Fantasias sexuais são traição?, por Sylvia Loeb

A vida psíquica tem uma complexidade, uma variedade de afetos, de influências externas. Cada pessoa a cada momento imagina, fantasia, cria, sonha. Somos seres de imaginação. Temos a faculdade de pensar o que quisermos, liberdade de fantasiar o que quisermos e, eventualmente, transformar essa fantasia em uma obra de arte, em um livro, em um projeto.

De acordo com a teoria freudiana, as fantasias representam uma forma de leitura subjetiva, organizada a partir dos desejos e dos mecanismos de defesa, da realidade dos fatos. Trata-se do que Freud, criador da psicanálise, denomina realidade psíquica, a qual tem suas bases na infância e nas fantasias que herdamos da nossa ancestralidade. Nossa fantasia não é controlável, ela foge à nossa determinação, embora possa ser reprimida, negada. Ela tem a característica, porém, se reprimida, de voltar insistentemente, de atormentar quem não quer saber dela.

O mesmo acontece com nosso pensamento. Quem já não experimentou pensamentos que nos tomam e dos quais não podemos nos livrar? Na melhor das hipóteses conseguimos controlar nosso comportamento e, mesmo assim, muitas vezes, ele escapa ao nosso controle, principalmente através dos lapsos de linguagem ou mesmo de atuações.

Voltemos à pergunta: é traição ao companheiro ou companheira ter fantasias sexuais?

De modo geral, o casamento – e mesmo o namoro “sério” – é uma relação onde as pessoas acreditam que um tem direito em relação ao corpo do outro, onde um é proprietário do corpo do outro.

Trata-se de um pacto entre duas pessoas que, tradicionalmente, implica fidelidade, ou seja, as pessoas se encontram, se envolvem pelo desejo, ficam juntas e estabelecem um pacto que, mesmo não explicitado, é o pacto da fidelidade.

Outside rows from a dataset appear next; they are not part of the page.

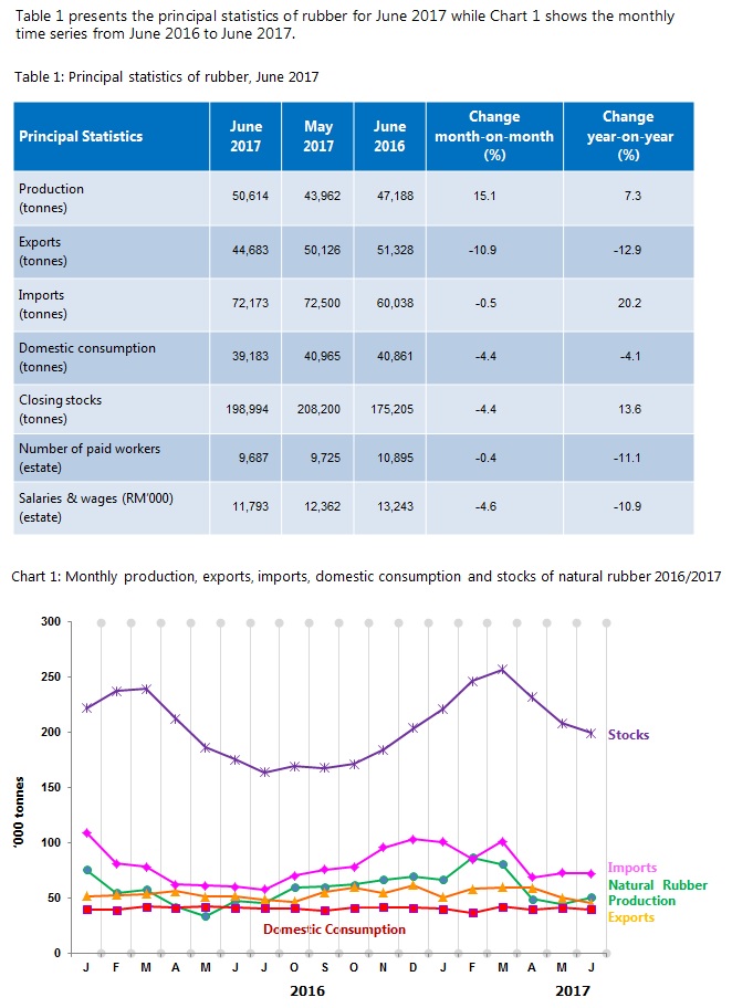 Production of natural rubber increased 15.1 per cent in June 2017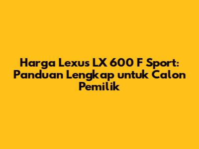 Informasi mengenai harga Lexus LX 600 F Sport terbaru sangat penting bagi calon konsumen. Harga dapat bervariasi tergantung pada beberapa faktor, seperti pilihan warna, tambahan fitur opsional, dan kebijakan harga dari dealer setempat. Namun, secara umum, harga Lexus LX 600 F Sport berada di segmen SUV mewah dengan harga yang cukup tinggi. Untuk mendapatkan informasi harga yang paling akurat dan up-to-date, disarankan untuk menghubungi dealer resmi Lexus terdekat. Mereka akan memberikan informasi harga terbaru, penawaran khusus, serta detail mengenai paket penjualan yang tersedia.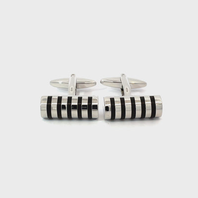 Sleek and modern, these Smokey Grey Stripes Cufflinks feature a polished silver-tone cylinder design with bold smokey grey stripe detailing. Clean, understated, and easy to pair with any shirt, they’re a smart choice for work, weddings, and formal events. Finished in shiny rhodium plating.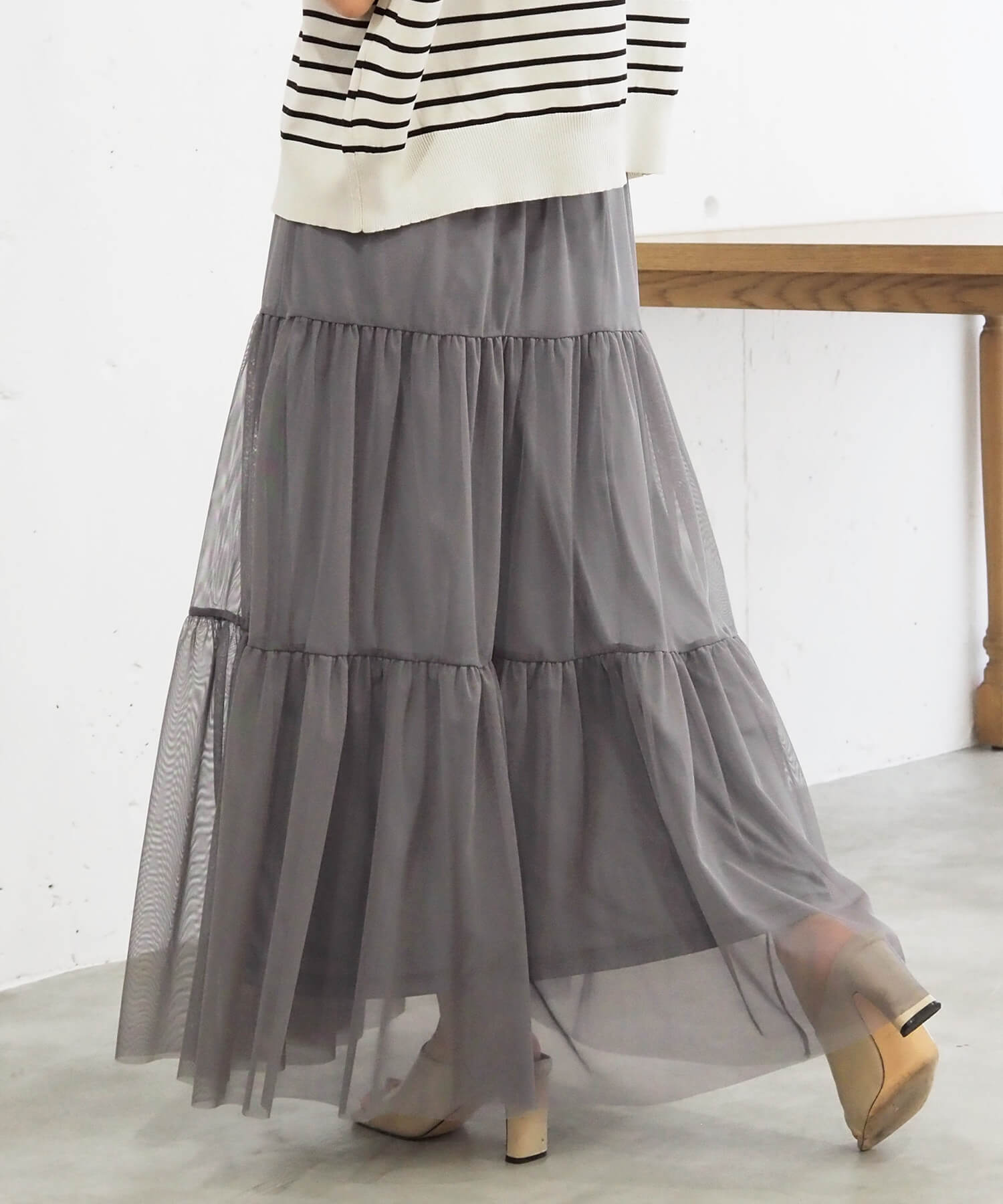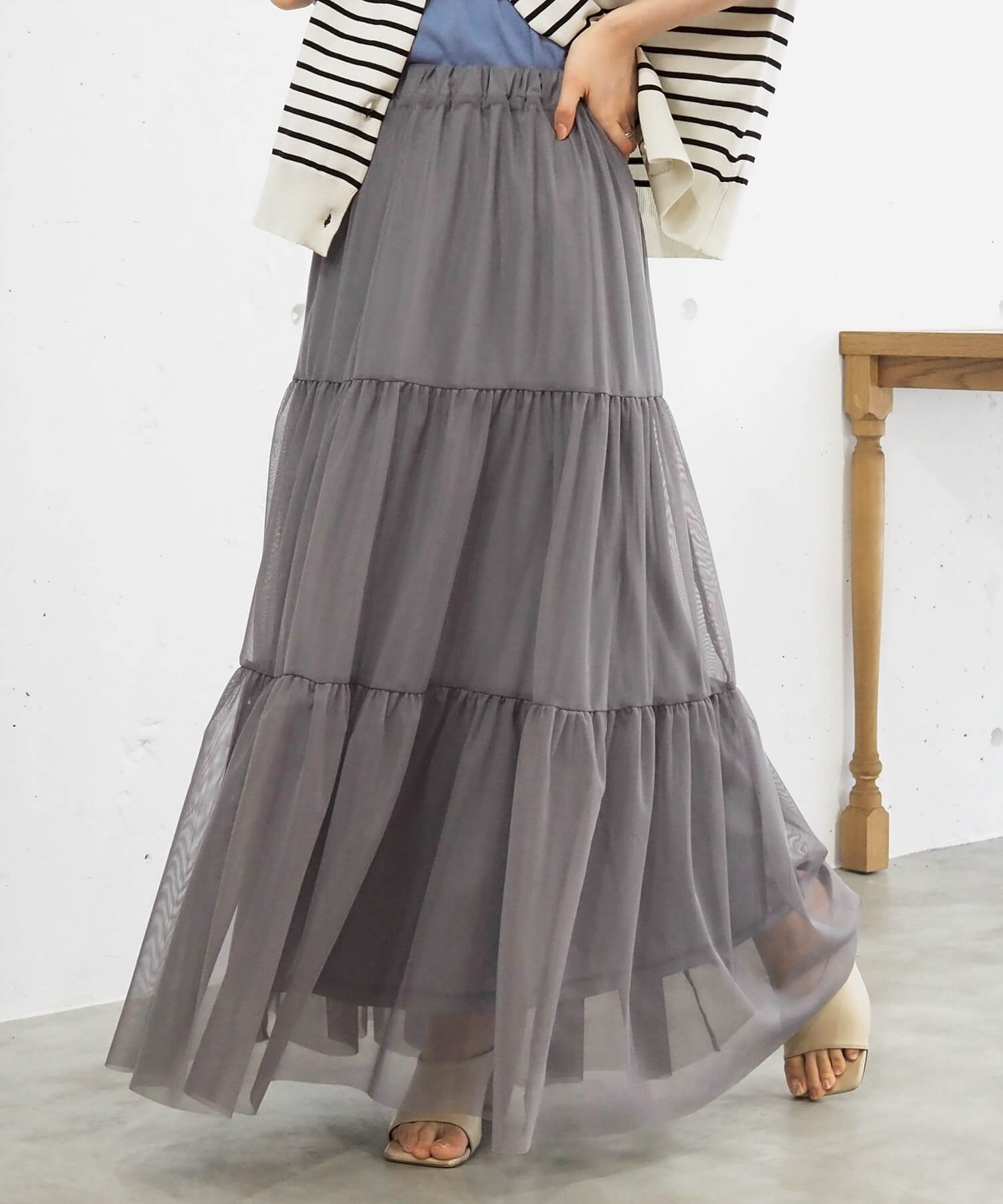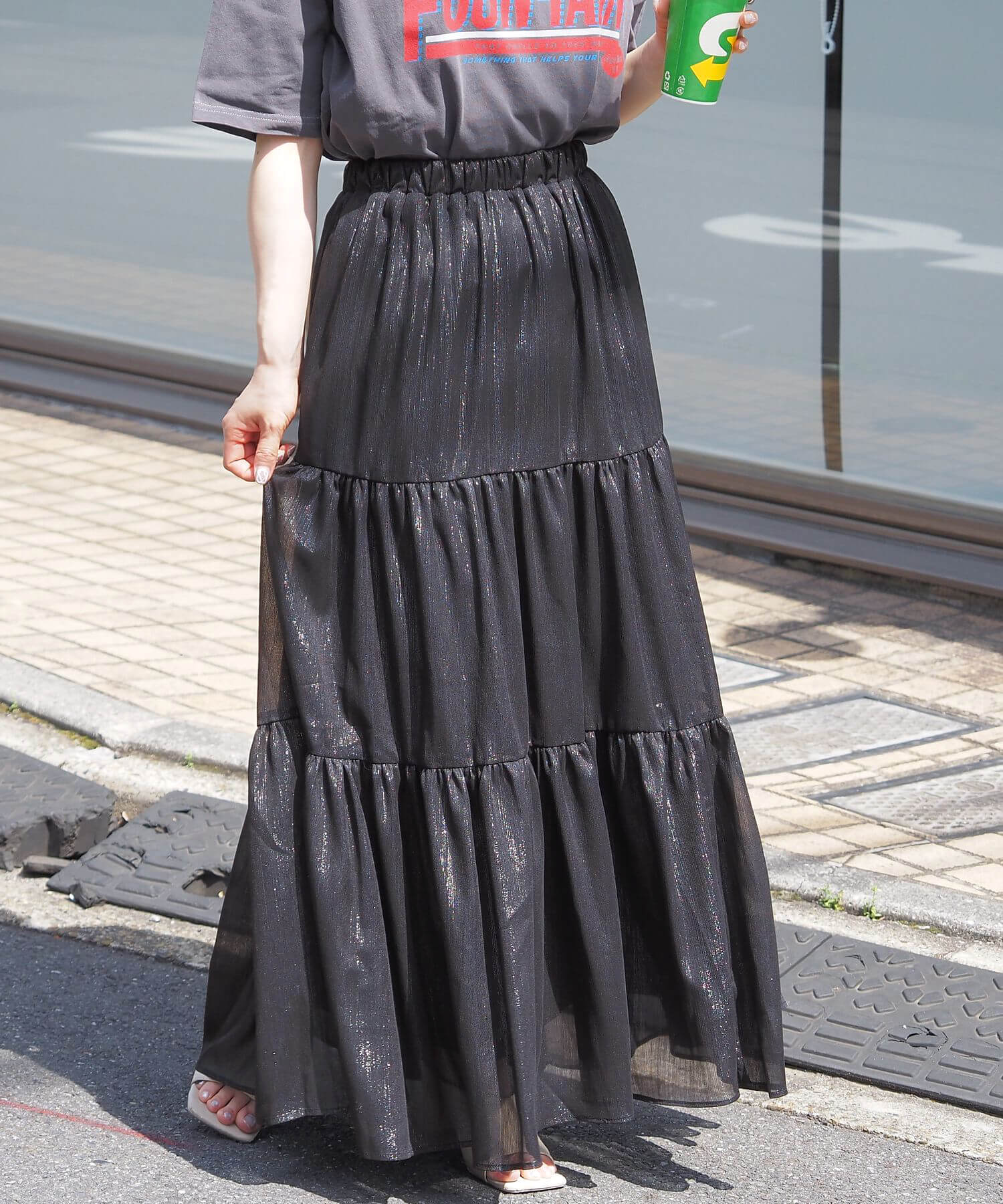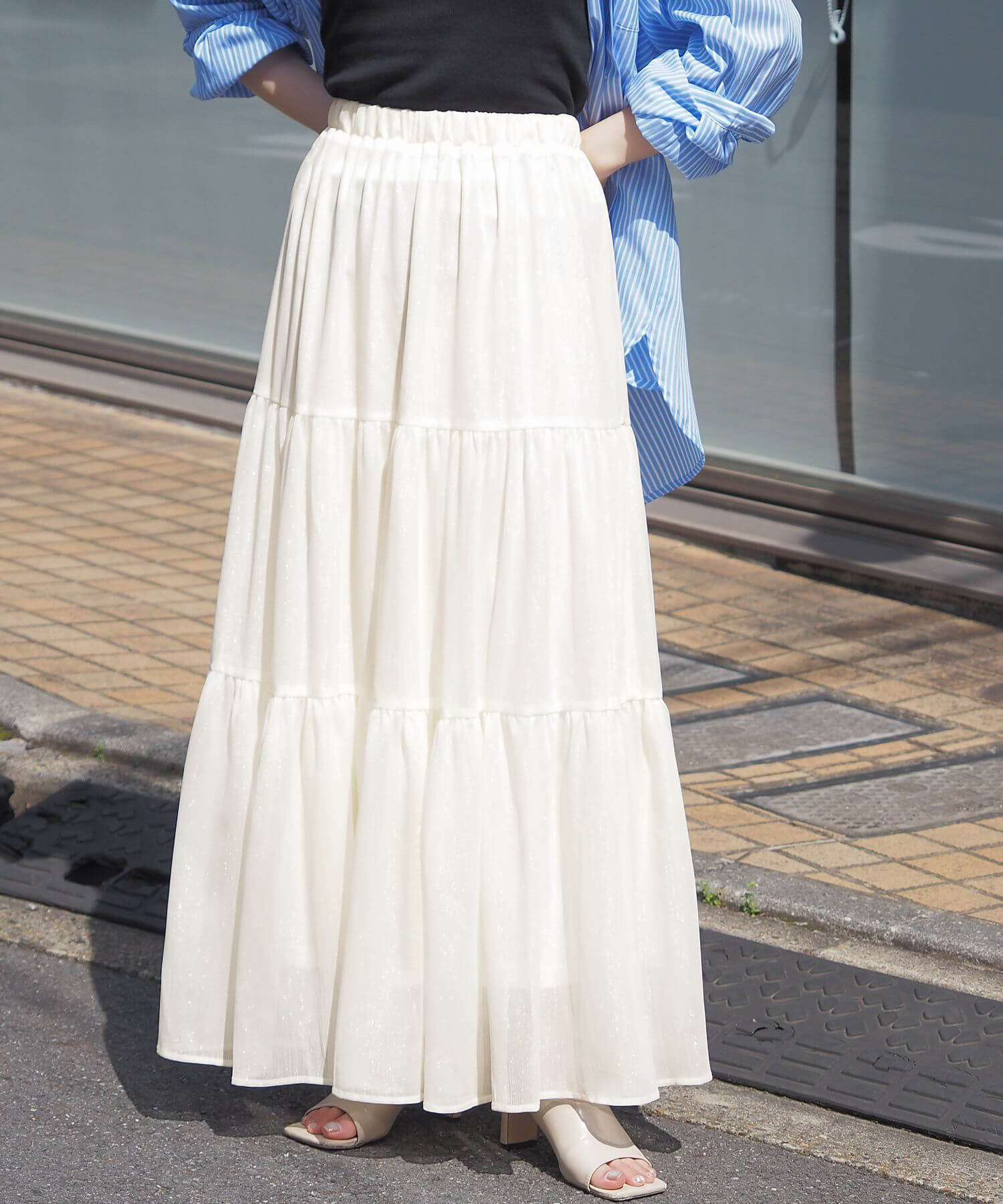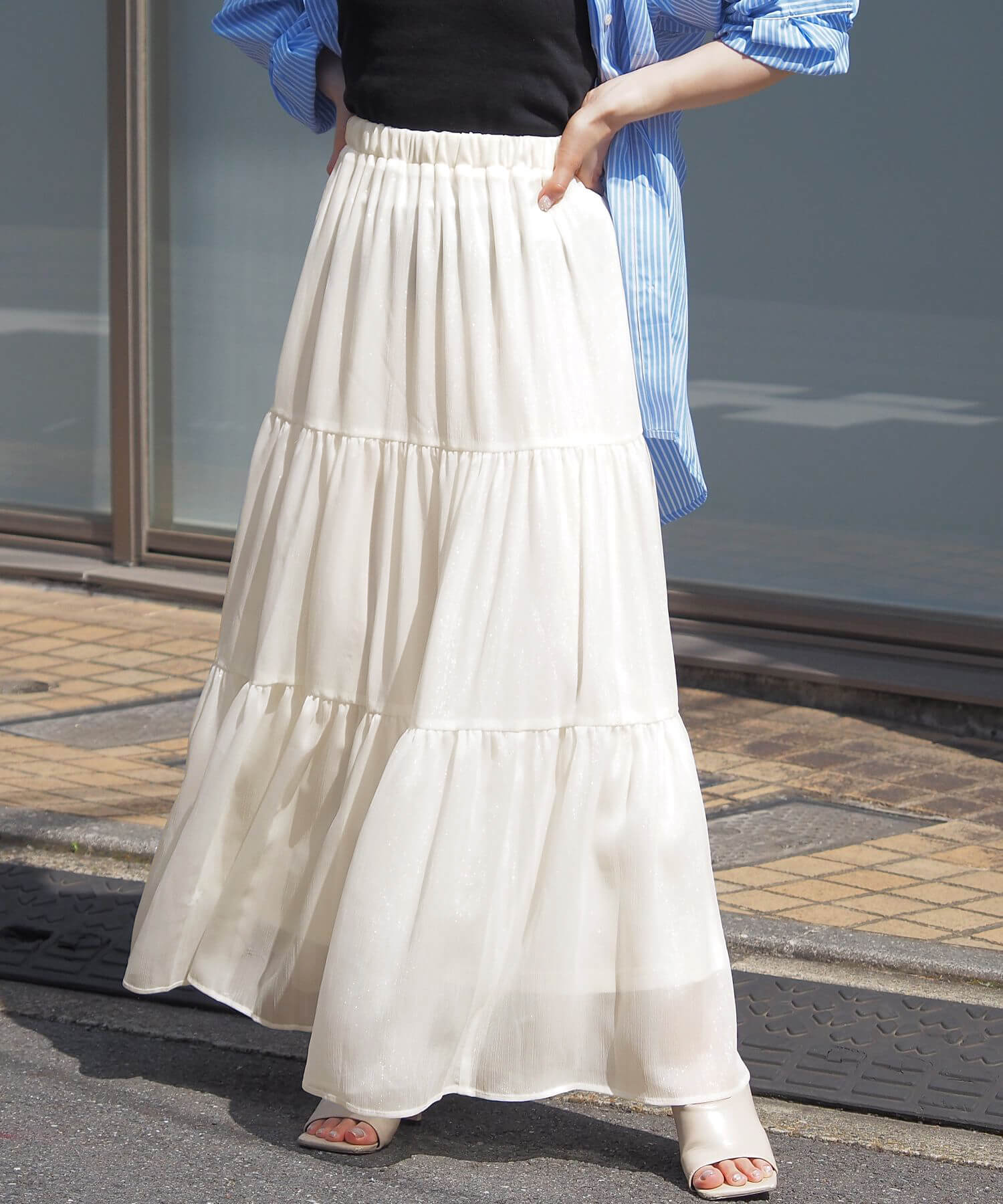 ・ふんわりとした素材感が女性らしいロング丈のティアードスカート。

Desejo + pacto+ contrato de fidelidade = estabelece-se uma promessa

O ideal é que essa promessa de fidelidade baseada do desejo e no amor se estenda por muitos e muitos anos. É o que o casamento tradicional propõe: ficaremos juntos pelo resto de nossas vidas.

O que é muito problemático, pois quem garante que o meu desejo de hoje será o mesmo de amanhã e de amanhã e de amanhã, até que a morte nos separe? Nosso desejo não é controlável pelo sujeito; claro que a gente o modifica, o orienta, o recusa, enfim, fazemos uma negociação com ele. É a condição de preservar alguma continuidade nas relações.

A traição, porém, é o destino lógico de qualquer relação, pois é muito raro que uma pessoa passe a vida inteira desejando aquela e tão somente aquela pessoa e vice-versa.

O desejo olha para o lado e o ideal seria que, apesar disso, eu volto meu olhar para você e escolho você novamente. É o desejo que se confirma, é a retomada da promessa feita. Assim se explicam os longos casamentos, feitos de crises, separações, reencontros…

Muitas vezes, fantasias sexuais até salvam casamentos

Muitas vezes, essas fantasias passam a ser um tempero a mais na relação do casal, muitas vezes elas passam a ser um terceiro que é colocado na cama do casal.

Lacan, psicanalista francês, dizia que não existe relação sexual e que a cama tem no mínimo quatro pessoas. Desejar, fantasiar não significa passar ao ato. Se isso acontecer, isto é, se passarem ao ato, as condições mudam: do campo imaginário passamos ao campo da realidade factual, com seus possíveis desdobramentos. Um deles é que essas duas pessoas dialoguem e decidam se mantêm a relação e tentam superar essa dor ou se rompem.

Outra possibilidade é que se estabeleçam em uma situação neurótica de sofrimento em que não consigam resolver nada a não ser ficarem presos a acusações e culpabilidade. Ou então, entrem em um modo vingança, no qual uma traição se paga com outra.

As relações humanas têm a ver com a lógica do desejo, não a da norma, não a do certo e errado, não a da promessa. Somos seres de desejo. Ele é móvel e gera confusão nas vidas ou nas relações baseadas na norma do certo ou errado, no proibido.

Penso que a pergunta, se é traição ao companheiro ou companheira fantasiar, tem a ver com uma visão mais moralista ou religiosa do amor, baseado na norma. Mas o desejo, assim como a fantasia, fogem à norma.